Monday, Aug. 20, 1945
Wheeler v. the B. & O.
One day last week Roy Barton White, president of the Baltimore & Ohio Railroad Co., was surprised to read in the newspapers that he, his railroad and four officials of the B. & 0. were in trouble with the Government. Montana's Senator Burton K. Wheeler, chairman of the powerful Interstate Commerce Committee, had sent a sizzling letter about the B. & O.'s finances to OWMR Boss John W. Snyder, who is still filling the job of Federal Loan Administrator.

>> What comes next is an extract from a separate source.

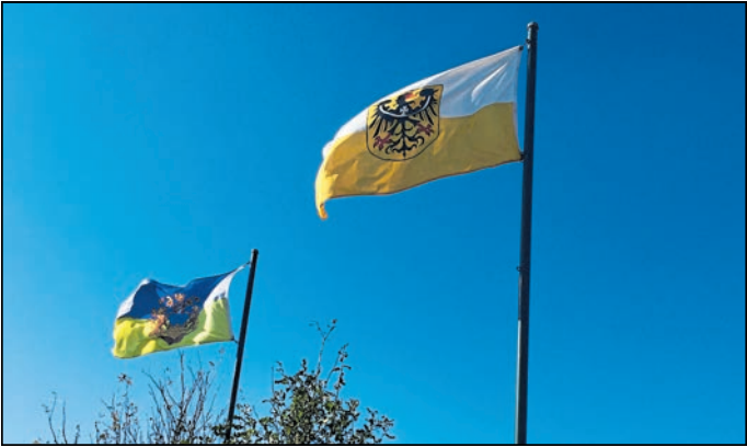
Es geht im Tourismus auch gleichberechtigt: Am Freizeit- und Campingpark Thräna in der Gemeinde Hohendubrau wird die Oberlausitz-, wie die Schlesischeflagge gehisst.

Region. Der deutsche Teil der Oberlausitz geht mit einem neuen „Tourismusverband Oberlausitz e.V. (TVO)“ in die Vermarktung ihrer landschaftlichen und architektonischen Vorzüge. Der neue Verband vereint Kommunen, Unternehmen beider deutsch-oberlausitzer Landkreise und übernimmt nach eigener Sprachregelung schrittweise die Aufgaben der bisherigen Marketing-Gesellschaft Oberlausitz-Niederschlesien mbH (MGO). Eine Neukonzeption war nötig geworden, da die Sparkassen aus der bisherigen Tourismusvermarktung ausgestiegen waren. Der Austritt der Sparkasse Oberlausitz-Niederschlesien, der Kreis-sparkasse Bautzen und der Ost-sächsischen Sparkasse Dresden war zum 31. Dezember 2025 wirksam geworden.

Senator Wheeler promptly made the letter public, without the courtesy of sending a copy to Roy White. In it he suggested that it was high time the B. & O. paid back the $82 million still owed the Reconstruction Finance Corp. Reasoned Senator Wheeler: since 1939 the B. & O. has made a net profit after taxes and interest payments of $100 million, plus a bookkeeping profit of $35 million from the repurchase at bargain prices of its bonds in the open market. Finally Wheeler charged that "Wall Street speculators have made a huge killing in the B. & O. stocks . . . there has been a frenzied speculation in the company's bonds."
At week's end, Roy White rose to his own defense. In a letter to Senator Wheeler, he pointed out that the B. & 0. had used its war profits to reduce its longterm, high-interest funded debt by $100 million, cut its annual fixed charges by $5.5 million.